(Dataset entries):
# # # # # # #
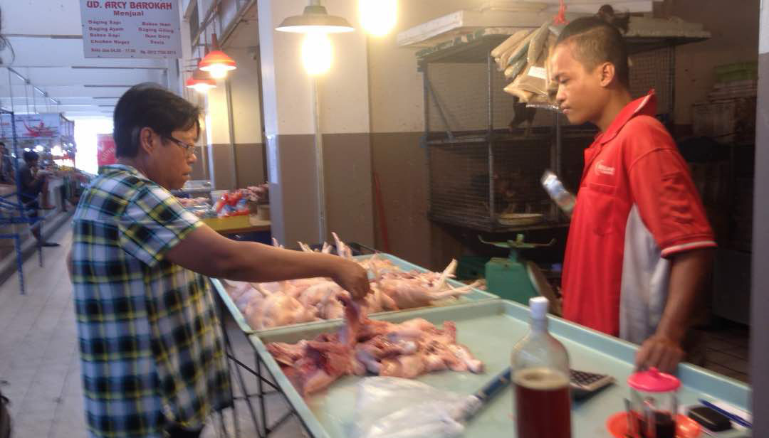Ilustrasi. Seorang konsumen sedang memilih daging ayam segar di Pasar Pasir Putih, beberapa waktu lalu.
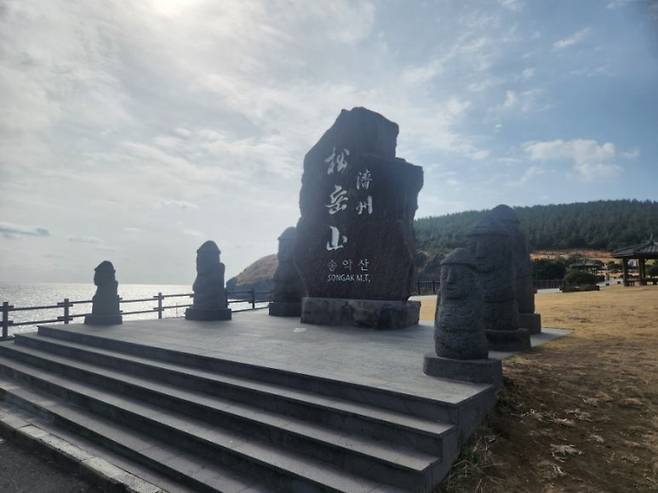 | ▲ 송악산의 시작을 알리는 웅장한 표지석과 제주의 상징 돌하르방이 탐방객을 맞이한다. |
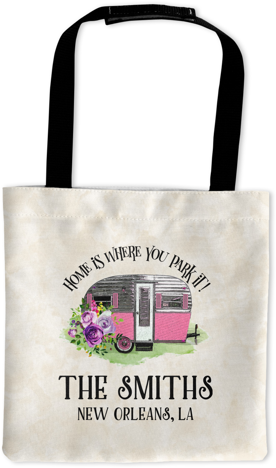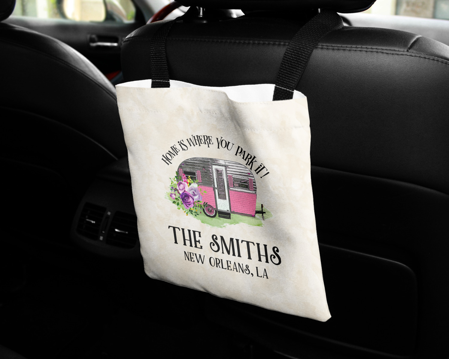 This fun design is absolutely stunning. The background is a subtle tan watercolor texture. The main graphic is an adorable pink trailer camper with sweet flowers all around it. The phrase going above it says "Home is where you park it!" You can easily personalize the text to say the place and date of a specific camping trip you always want to remember.
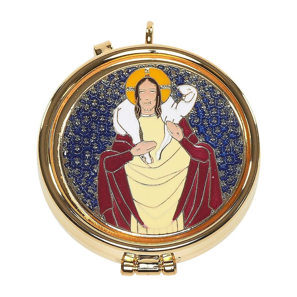 Teca eucaristica con placca smaltata CRisto su fondo blu, Ø 5.3 cm.
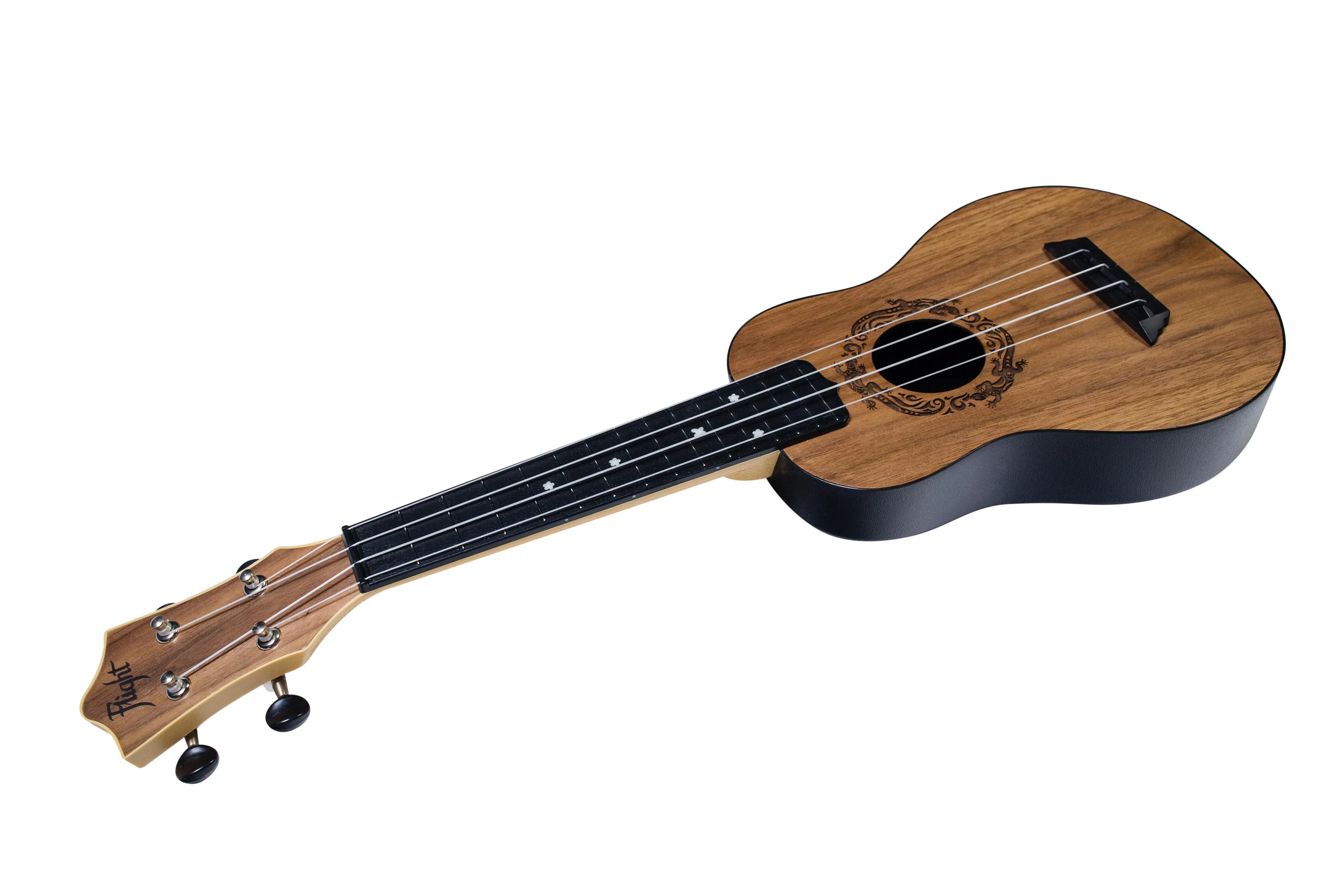 FLIGHT TUS 50 - укулеле Travel, сопрано, верхняя дека орех, корпус пластик, розетка в виде ящериц
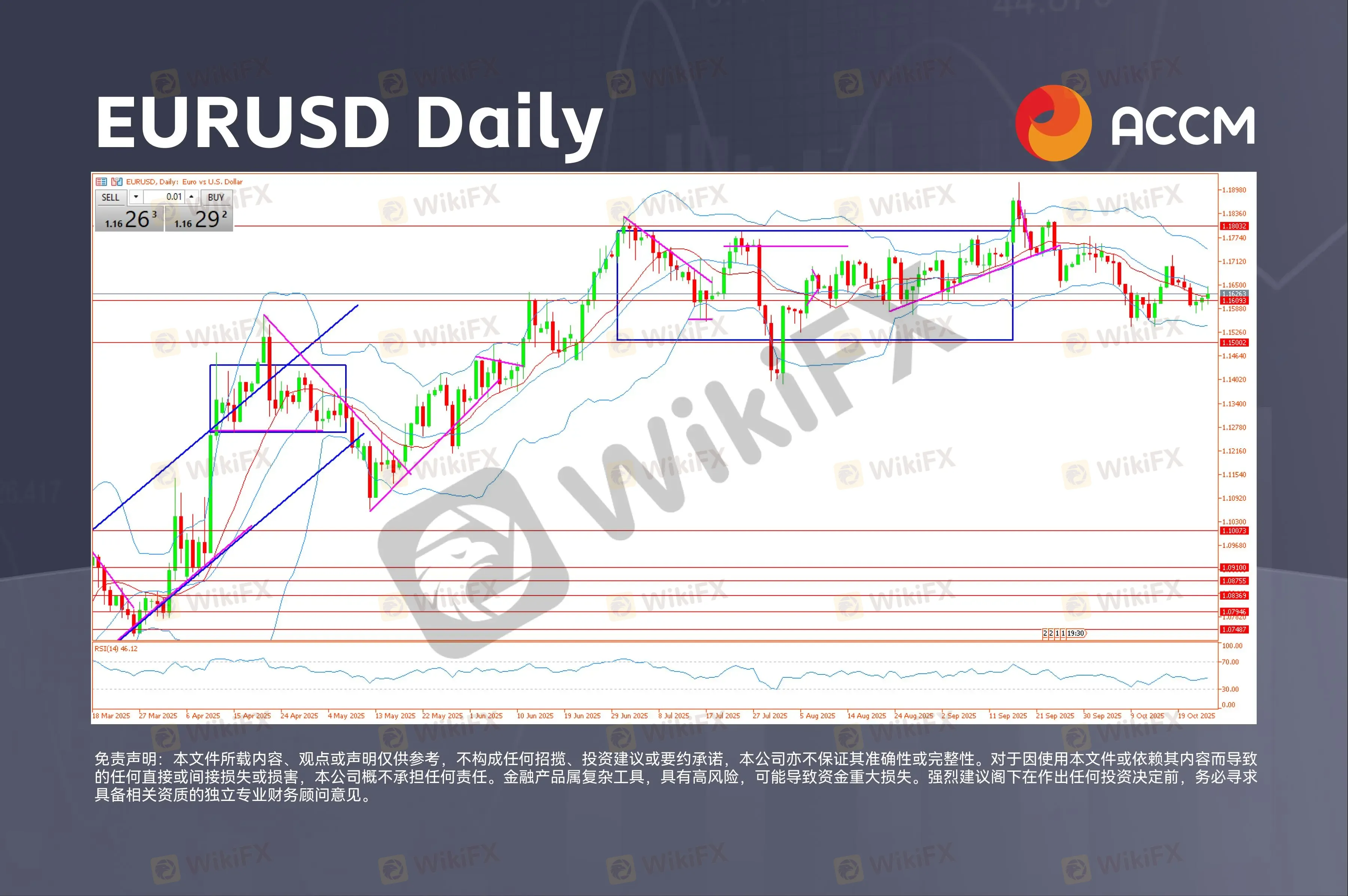 对于EUR/USD,其核心仍在于利差因素。欧元的走势更多取决于美国宏观数据的意外程度,而非自身经济数据。若美国通胀降温、美债收益率回落,欧元可能回升至1.17;但若市场重新定价美联储的鹰派政策,则可能再度下探1.1550,该位或成为11月走势的关键风向。
# # # # # # #
(What to do):
From the line that contains "FLIGHT TUS 50" to the last line of the data above, inclusive, transcribe every line exactly and only those lines, omitting pictures.

(Result):
 FLIGHT TUS 50 - укулеле Travel, сопрано, верхняя дека орех, корпус пластик, розетка в виде ящериц
 对于EUR/USD,其核心仍在于利差因素。欧元的走势更多取决于美国宏观数据的意外程度,而非自身经济数据。若美国通胀降温、美债收益率回落,欧元可能回升至1.17;但若市场重新定价美联储的鹰派政策,则可能再度下探1.1550,该位或成为11月走势的关键风向。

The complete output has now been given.